---
title: "Converting from XPT"
output: rmarkdown::html_vignette
vignette: >
  %\VignetteIndexEntry{Converting from XPT}
  %\VignetteEngine{knitr::rmarkdown}
  %\VignetteEncoding{UTF-8}
---

```{r, include = FALSE}
knitr::opts_chunk$set(
  collapse = TRUE,
  comment = "#>"
)
```

```{r setup}
library(datasetjson)
```

Some users may be interested in converting SAS Version 5 Transport files into XPT, or converting from other file types such as SAS7BDAT. There may be some existing processes in place to do this in SAS, such as a post-processing conversion step where files are converted in bulk. This vignette offers some guidance and best practice for doing this process in R. 

## Converting from XPT

Ideally if you're converting from an XPT file or a SAS7BDAT file, the appropriate metadata would be maintained separate from the dataset itself. Inevitably some information will get lost while being exchanged because of differences of what information was applied or how R interprets SAS datasets.
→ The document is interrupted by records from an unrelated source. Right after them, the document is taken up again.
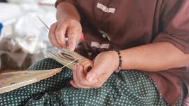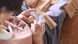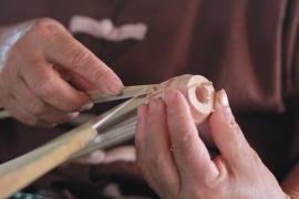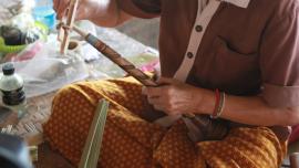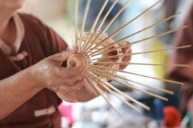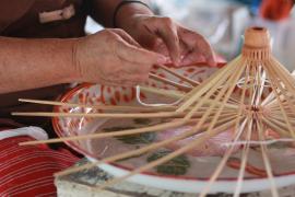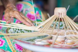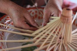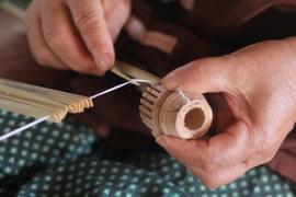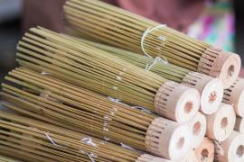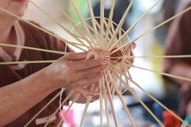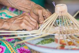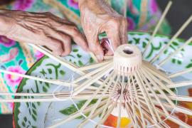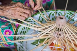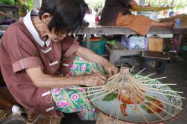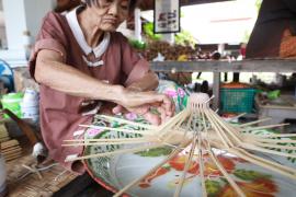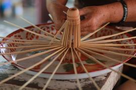โครงร่มจะประกอบด้วย 2 ส่วน หลัก คือ ซี่ค้ำและซี่กลอน โดยขั้นตอนการทำจะเริ่มจากการนำไม้ไผ่บงมาตัดเป็นท่อนๆ แล้วแต่ขนาดของร่มที่ต้องทำ เสร็จแล้วผ่าไม้เป็นซี่ๆ นำไปเหลาเป็นซี่ค้ำและซี่กลอนของร่ม โดยจะต้องเหลาให้มีความหนาบางเท่ากันทุกซี่ (ซึ่งร่มแต่ละขนาดจะมีจำนวนซี่ไม่เท่ากัน) จากนั้นใช้สว่านมือเจาะรูลงบนซี่ค้ำและซี่กลอนที่เหลาเสร็จแล้วสำหรับใช้ร้อยด้ายประกอบเข้ากับหัวและตุ้มร่มเพื่อขึ้นเป็นโครงร่ม และไว้สำหรับสนด้ายเป็นลวดลายใต้ร่ม เสร็จแล้วนำไปตากแดดจนแห้งสนิท นำไปแช่น้ำยาและตากอีกครั้งจนแห้ง เก็บไว้รอขั้นตอนการหุ้มร่ม
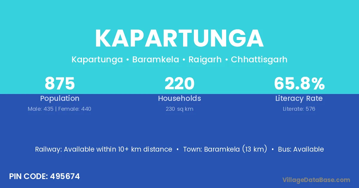 Kapartunga village has a total population of 875 people, of which 435 are males and 440 are females.
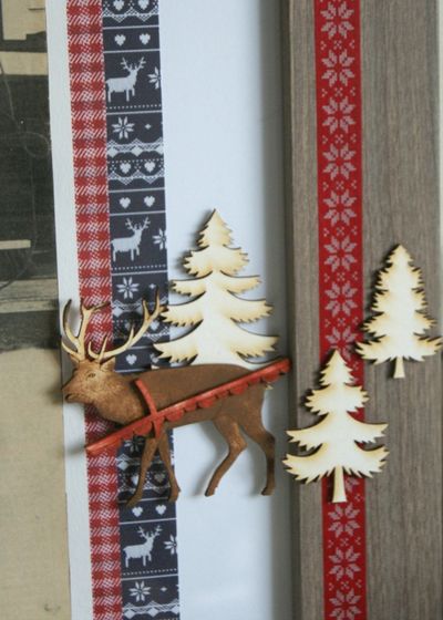 Des embellissements en carton bois pour une ambiance nordique sont collés directement sur la vitre de ce très grand cadre aux allures scandinaves.
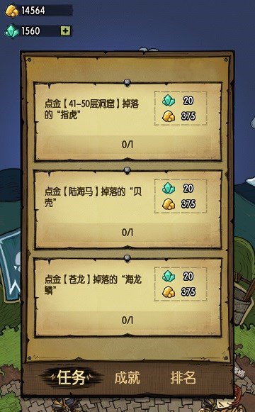 你能看到的是每个任务完成只有20钻石的奖励,但你有没有发现,每次任务的刷新是匹配你当前所到达最高楼层的?这意味着,如果你在某十层阶段暂时不下楼,每次进洞完成任务交了以后重新刷出的还是当前楼层的任务。再告诉你一条绝密规则:每个十层阶段,最多能完成的任务个数是35。比如,你一直在1-10层刷任务不下楼,最多能完成35个1-10层的任务,接下来刷出的任务就是10-20层的任务了。
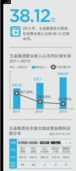 據王品集團的財報, 2013財年,其在大陸的品牌門店營收達到7.7億元,較2012年的5.6億元相比,增長37.5%。
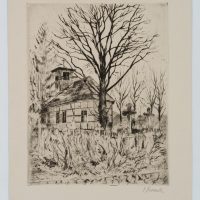 Unknown (20th century), View over the cemetery in front of the half-timbered church with large tree in winter, c. 1900, Etching
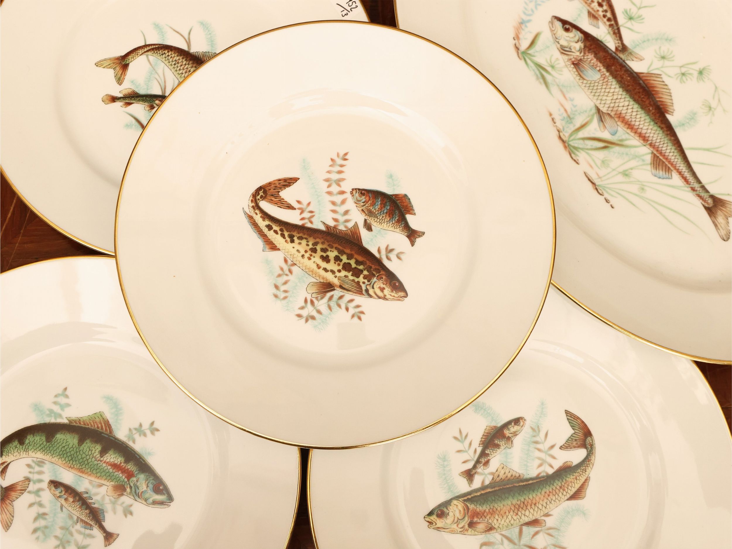 XX secolo decorato con varie tipologie di pesci di acqua dolce e piante marine, bordo oro, composto da 12 piatti piani ed una pesciera
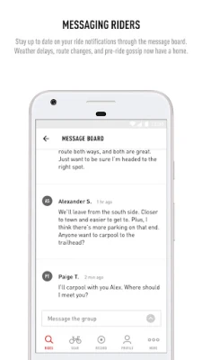 If you enjoy riding with others, you can join and create group rides in the Ride app. The group message board lets you communicate with riders who’ve joined the ride and keeps everyone informed.

This is one reason why **{datasetjson}** improves upon XPTs as an exchange format. In leiu of external metadata, here's an example of how you can make a best effort conversion.

```{r XPT conversion}
adsl <- haven::read_xpt(file.path(system.file(package='datasetjson'), "adsl.xpt"))

#' Gather variable metadata in Dataset JSON compliant format
#'
#' @param n Variable name
#' @param .data Dataset to gather attributes
#'
#' @returns Columns compliant data frame
extract_xpt_meta <- function(n, .data) {
  
  attrs <- attributes(.data[[n]])
  
  out <- list()

  # Identify the variable type
  if (inherits(.data[[n]],"Date")) {
    out$dataType <- "date"
    out$targetDataType <- "integer"
  } else if (inherits(.data[[n]],"POSIXt")) {
    out$dataType <- "datetime"
    out$targetDataType <- "integer"
  } else if (inherits(.data[[n]],"numeric")) {
    if (any(is.double(.data[[n]]))) out$dataType <- "float"
    else out$dataType <- "integer"
  }  else if (inherits(.data[[n]],"hms")) {
    out$dataType <- "time"
    out$targetDataType <- "integer"
  } else {
    out$dataType <- "string"
    out$length <- max(purrr::map_int(.data[[n]], nchar))
  }
  
  out$itemOID <- n
  out$name <- n
  out$label <- attr(.data[[n]], 'label')
  out$displayFormat <- attr(.data[[n]], 'format.sas')
  tibble::as_tibble(out)
  
}

# Loop the ADSL columns
adsl_meta <- purrr::map_df(names(adsl), extract_xpt_meta, .data=adsl)
adsl_meta
```

Now that we have the metadata, we can use this to write out the Dataset JSON file.

``` {r}
# Create the datasetjson object
ds_json <- dataset_json(
  adsl, 
  item_oid = "ADSL",
  name = "ADSL",
  dataset_label = attr(adsl, 'label'),
  columns = adsl_meta
)

# Write the JSON
json_file_content <- write_dataset_json(ds_json)
```

Just for good measure, we can confirm the metadata we just created is compliant with the schema.

``` {r}
# Check schema compliance
validate_dataset_json(json_file_content)
```

## Bulk File Conversion

If your intention is to convert files into Dataset JSON format in bulk, there are a couple things you should consider - especially if you're trying to replicate existing procedures done using SAS:

Remember that R by default holds data in memory, whereas work datasets in SAS are still written to disk. This means that if you're doing a bulk conversion of datasets, you'll want to read in and write out one dataset at a time. For example:

1. Read in the XPT or SAS7BDAT file
2. Write out the Dataset JSON file
3. Remove the objects from memory to free up space

It's likely best to wrap the conversion process in a function, because the function namespace will inherently release the temporary objects during garbage collection. Depending on the size of your data, it could be easy to max out memory if you first read in all the datasets.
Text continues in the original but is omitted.